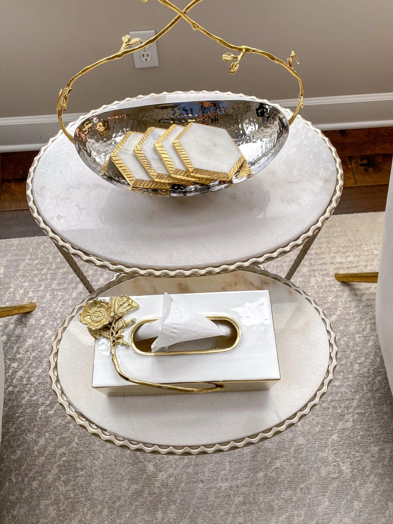 Description: These beautiful white marble hexagon coasters are a perfect accent for your coffee table! Complete with a hammered texture edge and a metallic finish!
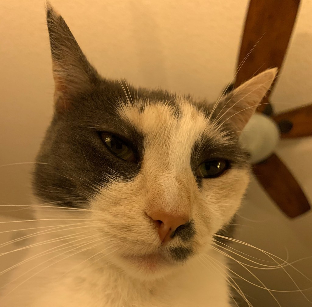 She’s a stinker. My read on it is, there are countless wonderful cats in need of caring homes, and we get MaeMae? C’mon, can’t we trade her in for a loving, happy snuggle-muffins?
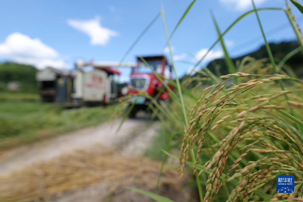 8月11日,農(nóng)技人員在貴州省黔東南苗族侗族自治州岑鞏縣注溪鎮(zhèn)周坪村雜交水稻制種基地采收種稻。
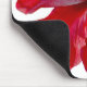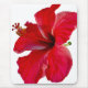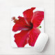 Uma flor vermelha bonita, o hibiscus tropical, flores através deste tapete do rato.
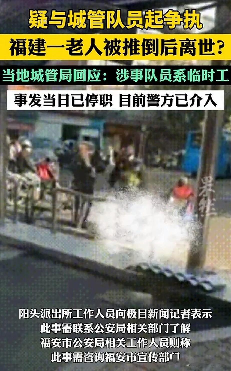 “又是临时工”!福建,老人疑与城管发生争执,被城管推倒后致死?城管局回应:涉事队员已被停职,是一名临时工。 近日,福建福安市有网友反应,一名老人疑与城管发生争执,被暴力推倒在地。 从网上流出的监控画面里,看得人后背发凉。 事发时间是12月21日,一名戴着黑色帽子的老人,佝偻着身子,慢悠悠从路边台阶走下来。 谁也没料到,一名穿着城管制服的工作人员,竟然猛地快步迎上前,一个抬手,直接就将老人推倒在地上。 视频里,有名女士和我一样发出惊呼:“妈呀!” 视频到此戛然而止,可后续传来的消息,却让所有人的心沉到了谷底。 有附近商户老板称,老人被倒地后因伤势过重,最终还是没能挺过来,不幸离世了? 据12月25日的《果然视频》,事件持续发酵后,城管办公室工作人员回应,涉事人员系临时工,已被停职,关于老人是否去世?建议咨询公安机关。 目前,警方已介入调查。 评论区里,网友们义愤填膺,瞬间炸开了锅。 有网友说,每次都是熟悉的味道,一出事,背锅的永远都是临时工。 也有网友反驳,出大事了就是临时工,有功劳那就不是临时工了,谁都不是傻子。 毫无疑问,这样的吐槽,狠狠戳中了无数人的痛点。 依据相关规定,临时工不应该具备单独执法的资格,只能从事辅助性工作。 可为什么,每次发生类似事件,“临时工”总会成为“挡箭牌”? 让大家真正愤怒的,从来不是“临时工”这个身份,而是这背后赤裸裸的“甩锅”。 写在最后 想起一句话:身上若无千斤担,谁愿拿命赌明天? 这句话,道尽了多少来自底层人的无奈和心酸! 作为一个合格的城市管理者,面对年迈的老人时,应该多一份耐心和包容。 哪怕规定再严格,也应该对生命存在敬畏之心,而不是直接“一刀切”。 权力一旦落入流氓之手,将是人民的灭顶之灾! 真相未出之前,期待警方来个大快人心的后续,能够彻查到底,还老人一个公道。 关于这件事情,你怎么看呢? 消息来源于《果然视频》
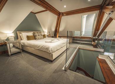 Just off the living area is a flexible ensuite bedroom, which can be arranged as twin beds or a super king. Like the living room, it also has direct access to the balcony. Above the living space, nestled within striking pitch-pine beams, is an impressive mezzanine sleeping loft featuring a king-size bed and its own ensuite facilities.
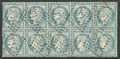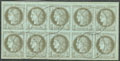 | 494 | CERES 1871-1875.No 52, bloc vertical de dix obl gc 2122, froissures sinon TB | 10 | - | 400€ | vendu 400€ | ||
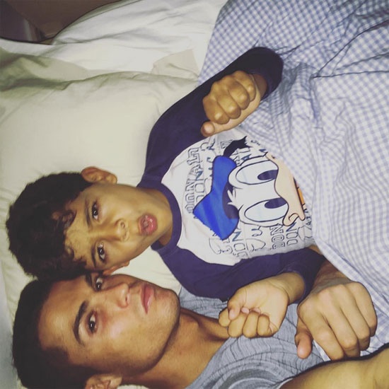 | Ronaldo lạnh lùng selfile cùng cậu nhóc Ronaldo Jr trước giờ đi ngủ. |
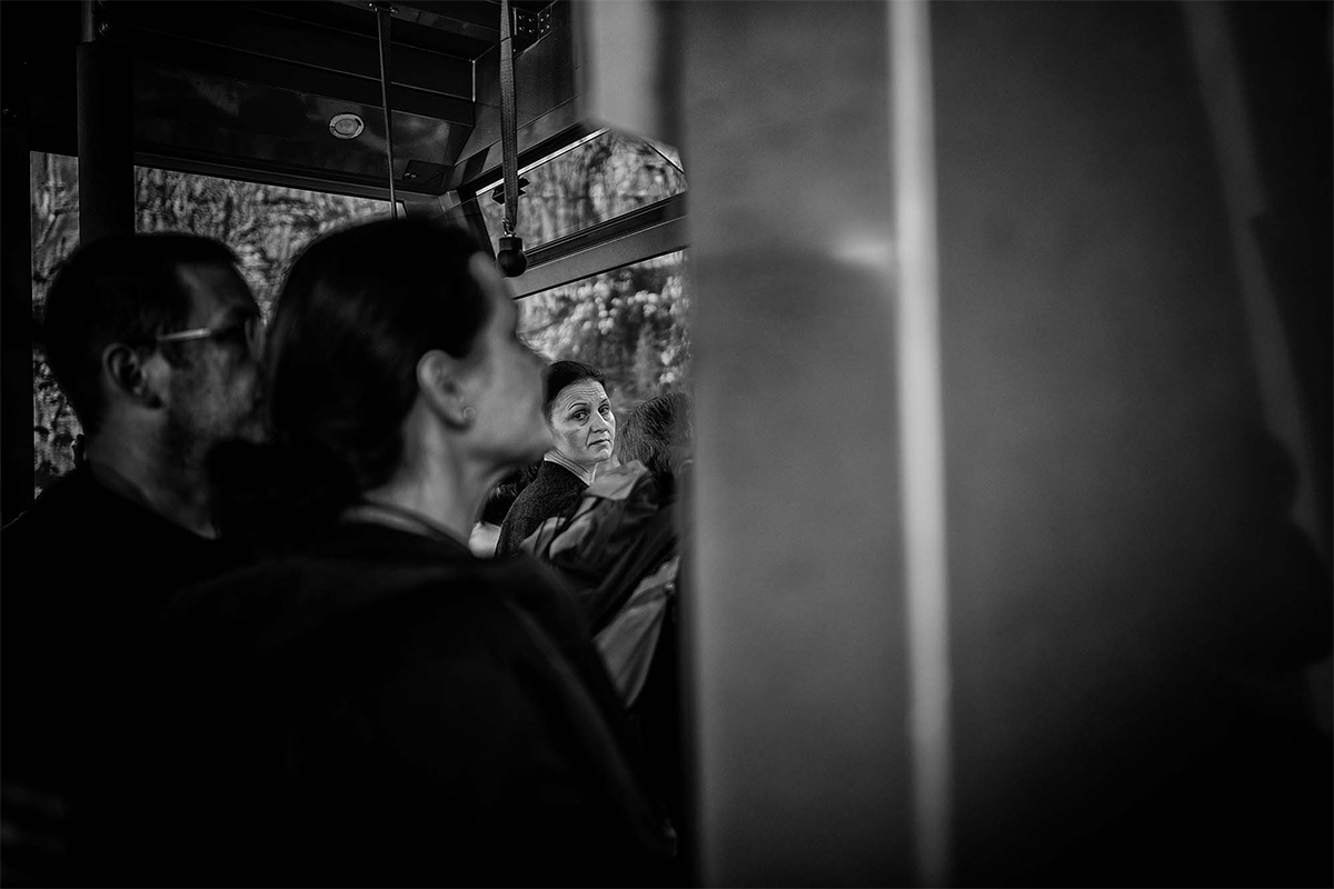 This photo series depicts people in an unexpected, extreme situation. These images capture the facial expressions, the turning away, the distractions, the silence, the discomfort, the behavior, the fear of people in a situation where intimate, personal, and social distances are vastly transgressed, indeed, cease to exist. In this extreme situation, even the photographer's camera goes unnoticed, making it possible to capture these 14 minutes of gondola ride with intense and emotional images.To present this moment unvarnished and authentically, the images are shown in black and white to reduce the focus to the subject matter.
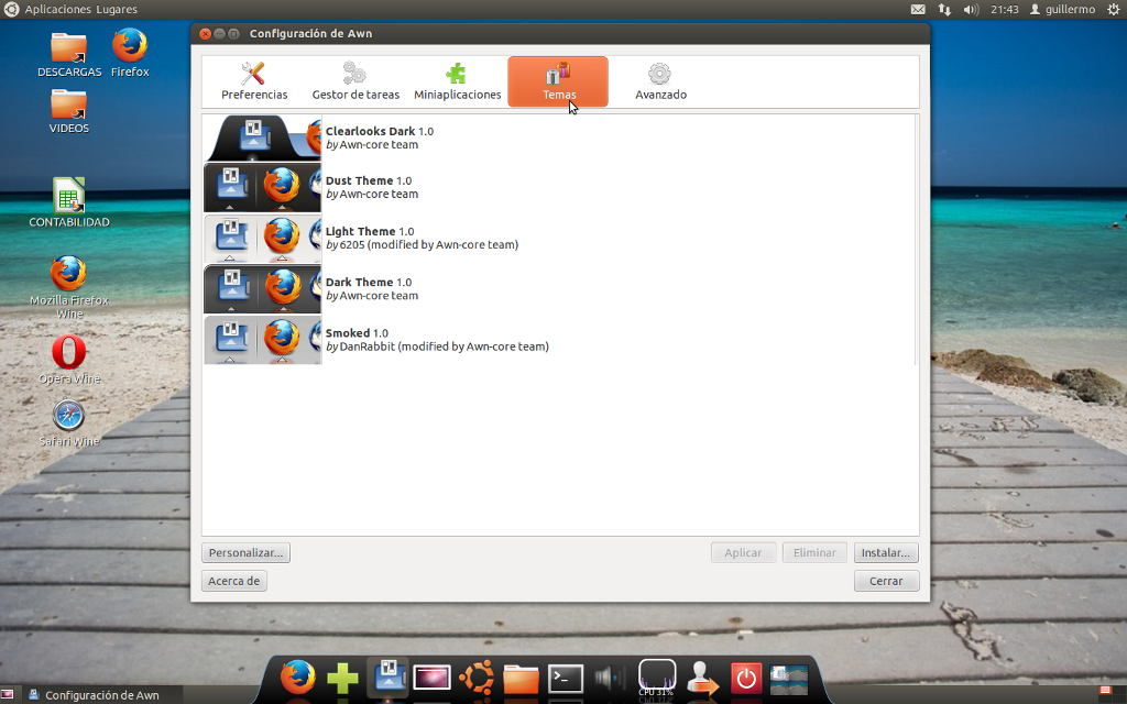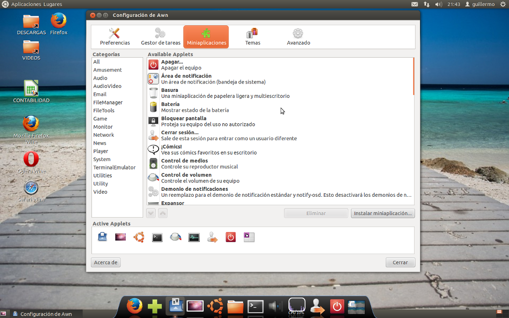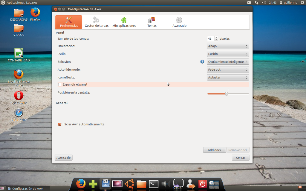Dispones de las siguientes opciones para personalizar el lanzador o navegador de ventanas Awn:
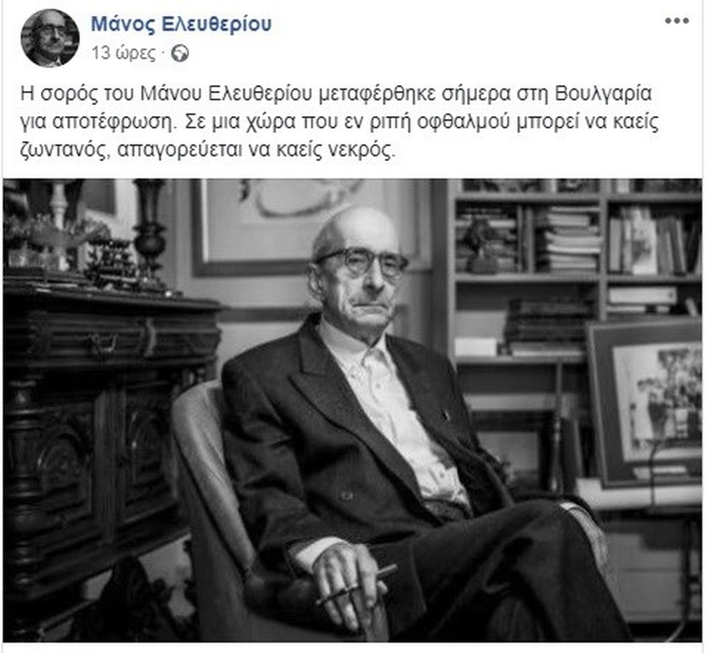 Η σορός του Μάνου Ελευθερίου μετά την πολιτική κηδεία του που πραγματοποιήθηκε την Τρίτη στο Α’ Νεκροταφείο Αθηνών, μεταφέρθηκε στη Βουλγαρία για να αποτεφρωθεί, όπως ο ίδιος επιθυμούσε.
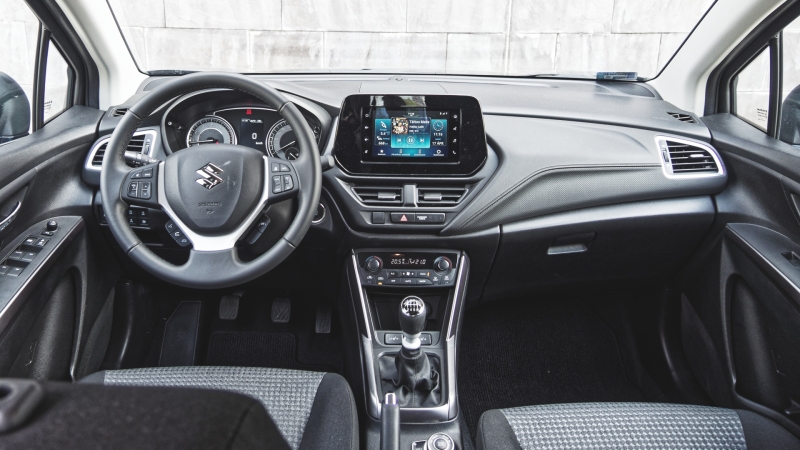 Ezúttal a szépen felszerelt GLX kivitelt vihettük el hatfokozatú manuális váltóval. Bár a tél már bőven mögöttünk van (és hol van még a következő hideg évszak, a tesztet éppen 32 fokban írom), a biztonság kedvéért AllGrip összkerékhajtást is kapott az S-Cross. Kipróbált részegység mindegyik, a Suzukinál továbbra is azt kapjuk, amit látunk, és amire számítunk. Kényeztető belső helyett korrekt – bár néhol olcsónak tűnő – és strapabíró utasteret; sportos, de rázós felfüggesztés helyett kiszámíthatóan viselkedő futóművet; sok henger és három turbó nélkül is épp eléggé nyomatékos motort. Bár a sok hengeres rész relatív, manapság az S-Cross négy cilinderének is örülni kell. Talán az egyetlen marketinges túlzás Hybridnek nevezni az enyhe hibrid megoldást. Azért is indokolatlan a nagyzolás, mert egy ideje teljes értékű hibridet is árul a Suzuki.
==========
#### TASK PROMPT:
The answer is the full listing above, reproduced character for character, minus its images.

#### RESULT:
 Description: These beautiful white marble hexagon coasters are a perfect accent for your coffee table! Complete with a hammered texture edge and a metallic finish!
 She’s a stinker. My read on it is, there are countless wonderful cats in need of caring homes, and we get MaeMae? C’mon, can’t we trade her in for a loving, happy snuggle-muffins?
 8月11日,農(nóng)技人員在貴州省黔東南苗族侗族自治州岑鞏縣注溪鎮(zhèn)周坪村雜交水稻制種基地采收種稻。
 Uma flor vermelha bonita, o hibiscus tropical, flores através deste tapete do rato.
 “又是临时工”!福建,老人疑与城管发生争执,被城管推倒后致死?城管局回应:涉事队员已被停职,是一名临时工。 近日,福建福安市有网友反应,一名老人疑与城管发生争执,被暴力推倒在地。 从网上流出的监控画面里,看得人后背发凉。 事发时间是12月21日,一名戴着黑色帽子的老人,佝偻着身子,慢悠悠从路边台阶走下来。 谁也没料到,一名穿着城管制服的工作人员,竟然猛地快步迎上前,一个抬手,直接就将老人推倒在地上。 视频里,有名女士和我一样发出惊呼:“妈呀!” 视频到此戛然而止,可后续传来的消息,却让所有人的心沉到了谷底。 有附近商户老板称,老人被倒地后因伤势过重,最终还是没能挺过来,不幸离世了? 据12月25日的《果然视频》,事件持续发酵后,城管办公室工作人员回应,涉事人员系临时工,已被停职,关于老人是否去世?建议咨询公安机关。 目前,警方已介入调查。 评论区里,网友们义愤填膺,瞬间炸开了锅。 有网友说,每次都是熟悉的味道,一出事,背锅的永远都是临时工。 也有网友反驳,出大事了就是临时工,有功劳那就不是临时工了,谁都不是傻子。 毫无疑问,这样的吐槽,狠狠戳中了无数人的痛点。 依据相关规定,临时工不应该具备单独执法的资格,只能从事辅助性工作。 可为什么,每次发生类似事件,“临时工”总会成为“挡箭牌”? 让大家真正愤怒的,从来不是“临时工”这个身份,而是这背后赤裸裸的“甩锅”。 写在最后 想起一句话:身上若无千斤担,谁愿拿命赌明天? 这句话,道尽了多少来自底层人的无奈和心酸! 作为一个合格的城市管理者,面对年迈的老人时,应该多一份耐心和包容。 哪怕规定再严格,也应该对生命存在敬畏之心,而不是直接“一刀切”。 权力一旦落入流氓之手,将是人民的灭顶之灾! 真相未出之前,期待警方来个大快人心的后续,能够彻查到底,还老人一个公道。 关于这件事情,你怎么看呢? 消息来源于《果然视频》
 Just off the living area is a flexible ensuite bedroom, which can be arranged as twin beds or a super king. Like the living room, it also has direct access to the balcony. Above the living space, nestled within striking pitch-pine beams, is an impressive mezzanine sleeping loft featuring a king-size bed and its own ensuite facilities.
 | 494 | CERES 1871-1875.No 52, bloc vertical de dix obl gc 2122, froissures sinon TB | 10 | - | 400€ | vendu 400€ | ||
 | Ronaldo lạnh lùng selfile cùng cậu nhóc Ronaldo Jr trước giờ đi ngủ. |
 This photo series depicts people in an unexpected, extreme situation. These images capture the facial expressions, the turning away, the distractions, the silence, the discomfort, the behavior, the fear of people in a situation where intimate, personal, and social distances are vastly transgressed, indeed, cease to exist. In this extreme situation, even the photographer's camera goes unnoticed, making it possible to capture these 14 minutes of gondola ride with intense and emotional images.To present this moment unvarnished and authentically, the images are shown in black and white to reduce the focus to the subject matter.
Dispones de las siguientes opciones para personalizar el lanzador o navegador de ventanas Awn:
 Η σορός του Μάνου Ελευθερίου μετά την πολιτική κηδεία του που πραγματοποιήθηκε την Τρίτη στο Α’ Νεκροταφείο Αθηνών, μεταφέρθηκε στη Βουλγαρία για να αποτεφρωθεί, όπως ο ίδιος επιθυμούσε.
 Ezúttal a szépen felszerelt GLX kivitelt vihettük el hatfokozatú manuális váltóval. Bár a tél már bőven mögöttünk van (és hol van még a következő hideg évszak, a tesztet éppen 32 fokban írom), a biztonság kedvéért AllGrip összkerékhajtást is kapott az S-Cross. Kipróbált részegység mindegyik, a Suzukinál továbbra is azt kapjuk, amit látunk, és amire számítunk. Kényeztető belső helyett korrekt – bár néhol olcsónak tűnő – és strapabíró utasteret; sportos, de rázós felfüggesztés helyett kiszámíthatóan viselkedő futóművet; sok henger és három turbó nélkül is épp eléggé nyomatékos motort. Bár a sok hengeres rész relatív, manapság az S-Cross négy cilinderének is örülni kell. Talán az egyetlen marketinges túlzás Hybridnek nevezni az enyhe hibrid megoldást. Azért is indokolatlan a nagyzolás, mert egy ideje teljes értékű hibridet is árul a Suzuki.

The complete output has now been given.